From x + 4 = 0, we get x = -4

From x - 9 = 0 , we get x = 9

**Therefore x can be 9 and -4.**

The given geometric progression is x, 6 and x-5.

We assume the first term is a1 = x, then the 2nd term a2 = ar and the 3rd term is a2 = a1 *r^2 = x-5.

Therefore a2 /a1 = a3/a2 = r.

=> 6/x = (x-5)/6 .

We multiply both sides by 6x and get:

6^2 = x(x-5)

36 = x^2-5x. Or x^2-5x-36 = 0

=> (x-9)(x+4) = 0.

So x -9 = 0 or x+4 = 0.

=**> x= 9 or x= -4.**

If x= 9, then 6 and 9-5 = 4 are the terms.

If x= - 4, then 6 and -4-5 = -9 are the terms.

So (9, 6, 4 with common ratio 2/3) or ( -4, 6, -9 with common ratio -3/2) are the terms of GP.

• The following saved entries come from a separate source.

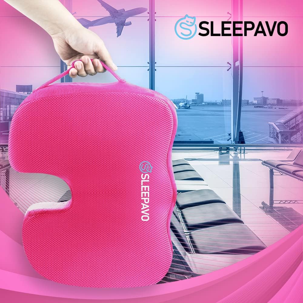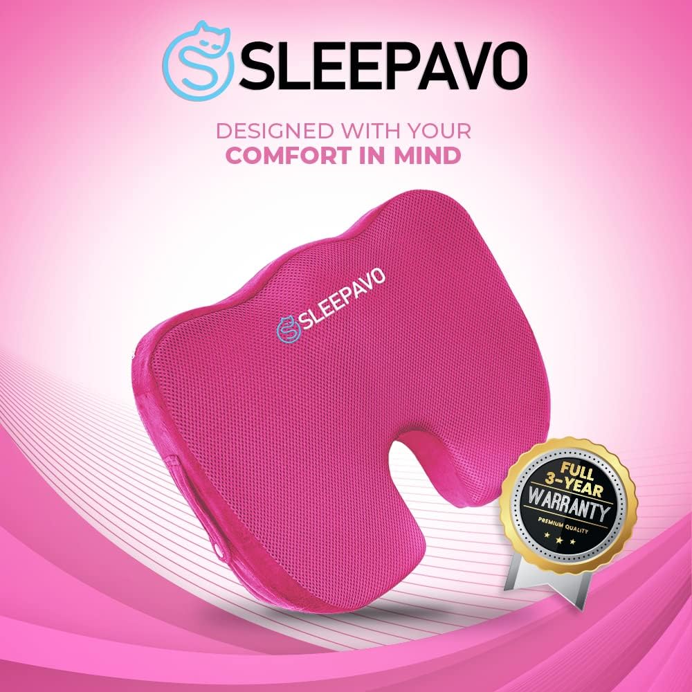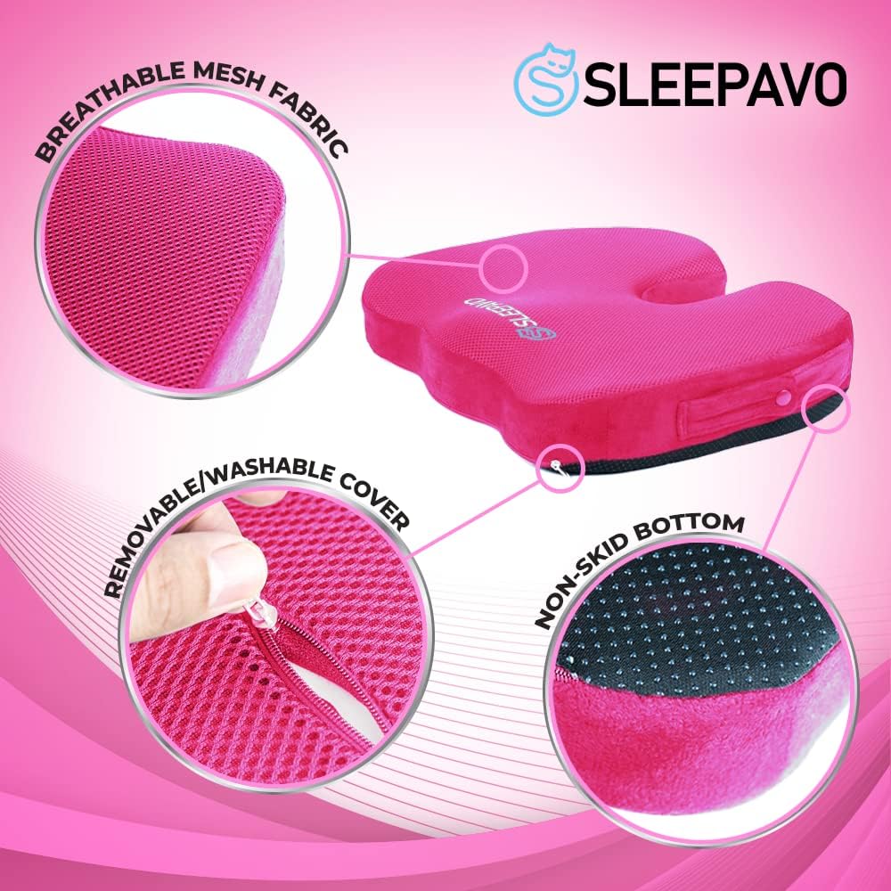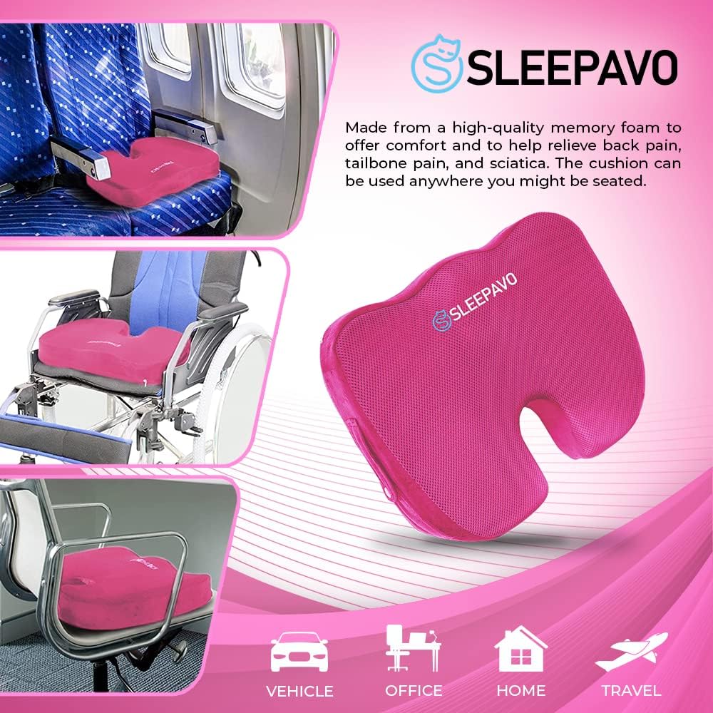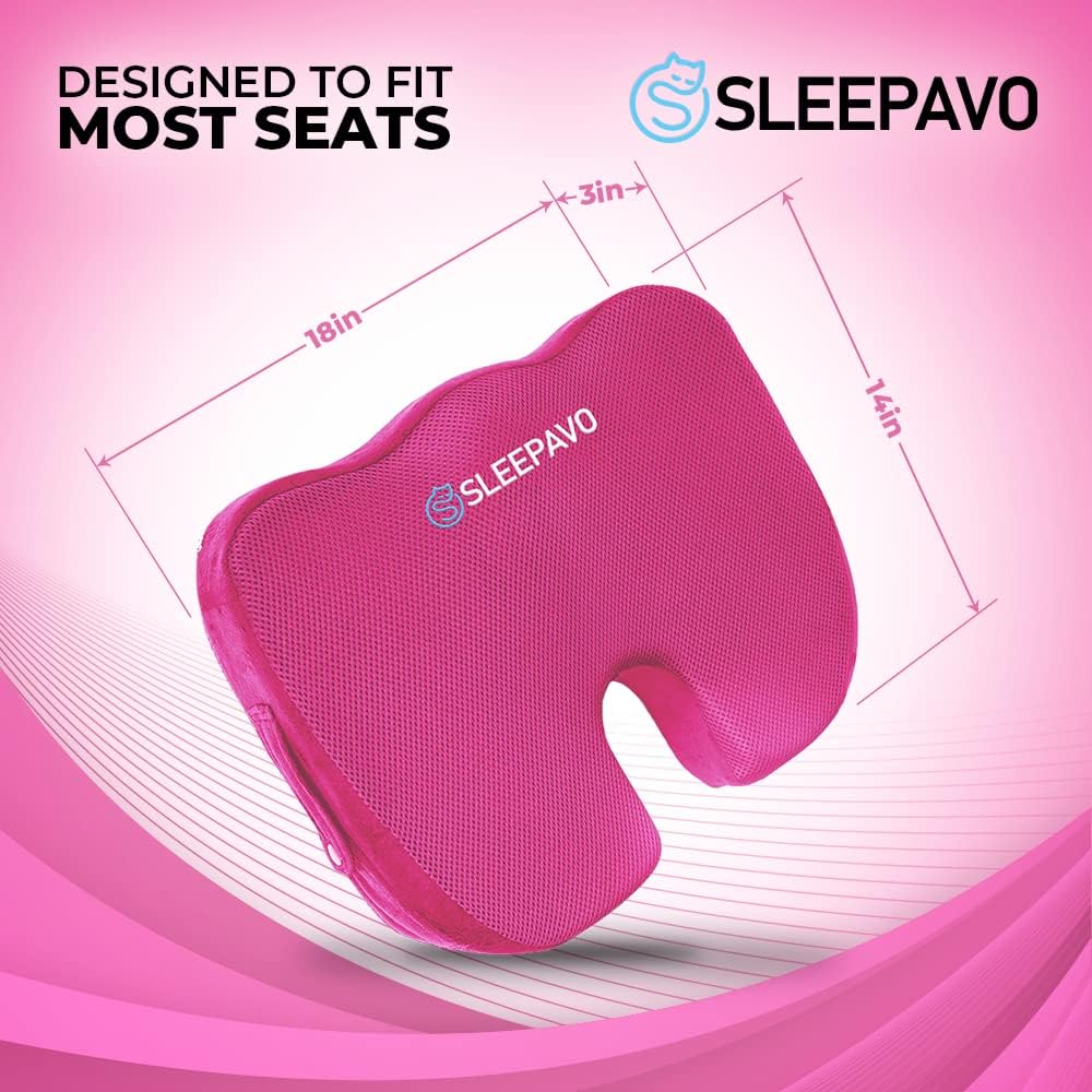 Sleepavo Pink Memory Foam Seat Cushion for Office Chair - Cooling Gel Pillow for Sciatica Coccyx Back Tailbone & Lower Back Pain Relief - Chair Pad for Lumbar Support in Office Desk, Car & Airplane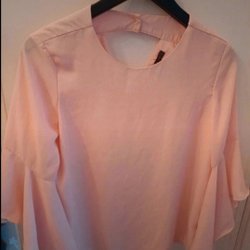 Vit klänning med tryck av blommor, fjärilar och en stadsbild. Texten "Be your true self" är tryckt under bilden, samt "Colourno 19" och "BE WHO YOU REALLY!". Klänningen har 3/4 ärmar. Djur finns i hemmet.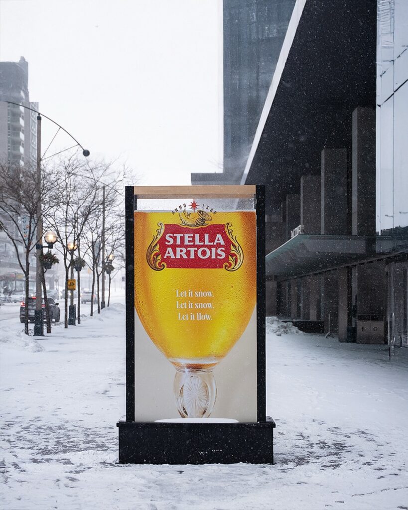 - À Toronto, Stella Artois installe un verre géant en affichage extérieur que la neige remplit naturellement, créant l’illusion d une mousse de bière XXL lors d’une tempête historique.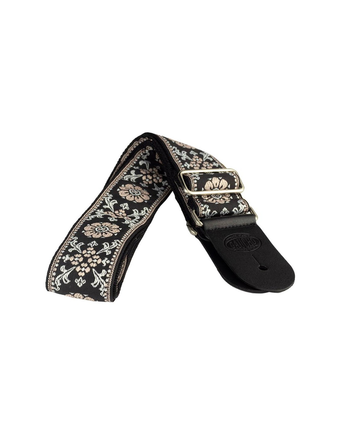 guitar strap, 2” jacquard weave, leather slips, multi colors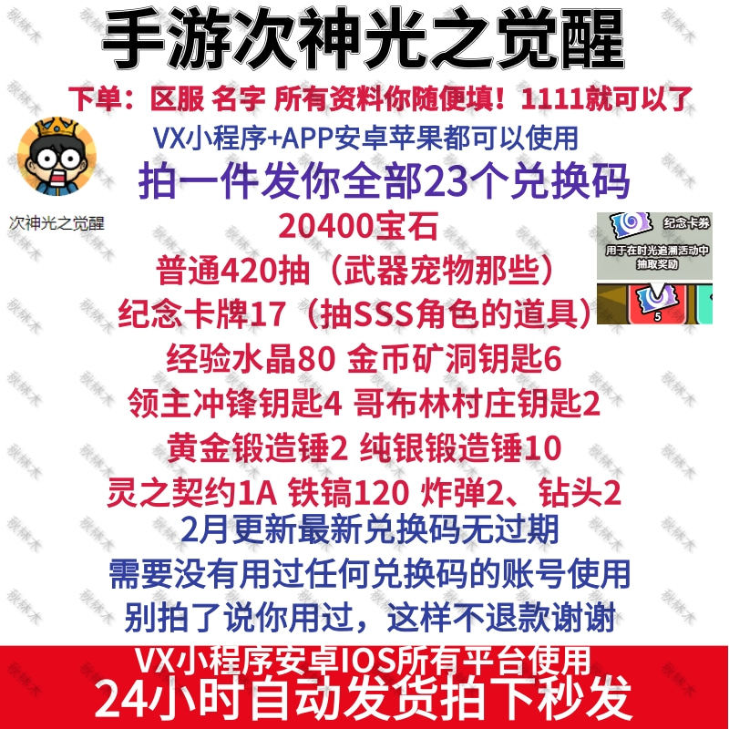 Mini Program Mobile Games Second God Light Awakening Gift Pack All 23 кода выкупа Gem 20400 420 Pump SS персонажи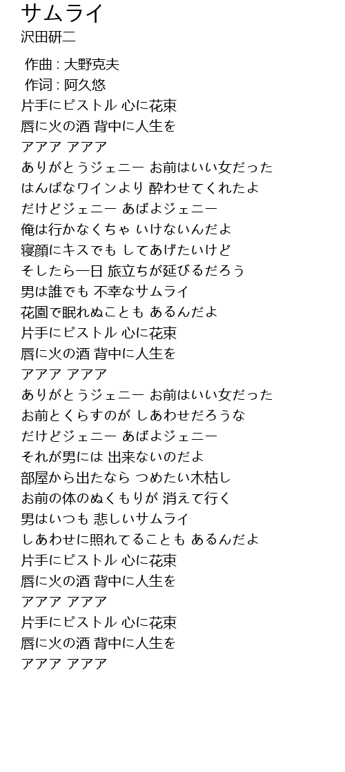| [03:42.54] | 男はいつも 悲しいサムライ |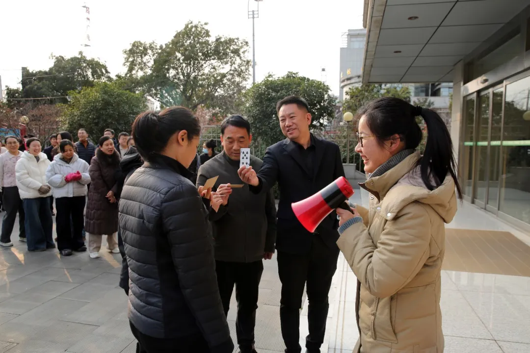业务交流结束后,庆元旦迎新年趣味体育运动会正式拉开帷幕。本次趣味运动会以“趣味竞技、快乐同行、凝心聚力、共筑卫健”为主题,设置了拔河、两人三足、双人羽毛球、双人乒乓球、跳绳等多个兼具趣味性、协作性和竞技性的项目。比赛现场气氛热烈、精彩纷呈,处处洋溢着欢声笑语与拼搏活力。各参赛队伍精神抖擞、斗志昂扬,队员们相互配合、默契协作,在赛场上奋勇争先、全力以赴;未参赛的职工化身热情啦啦队,呐喊声、加油声、欢呼声此起彼伏,汇成一片欢乐的海洋。

The terms x,6,x-5 are the consecutive terms of a geometric progression (series) if and only if the middle term is the geometric mean of the neighbor terms:

6 = sqrt[x*(x-5)]

We'll raise to square both sides:

36 = x(x-5)

We'll use the symmetric property and we'll remove the brackets:

x^2 - 5x = 36

We'll subtract 36:

x^2 - 5x - 36 = 0

We'll apply the quadratic formula:

x1 = [5 + sqrt(25 + 144)]/2

x1 = (5+13)/2

**x1 = 9**

x2 = (5-13)/2

**x2 = -4**

**We'll check the solution:**

For x = -4:

-4 , 6 , -9

6/-4 = -3/2

-9/6 = -3/2

So, the common ratio of the g.p. whose terms are -4 , 6 , -9, is r = -3/2.

For x = 9

9 , 6 , 4

6/9 = 2/3

4/6 = 2/3

So, the common ratio of the g.p. whose terms are 9 , 6 , 4 is r = 2/3.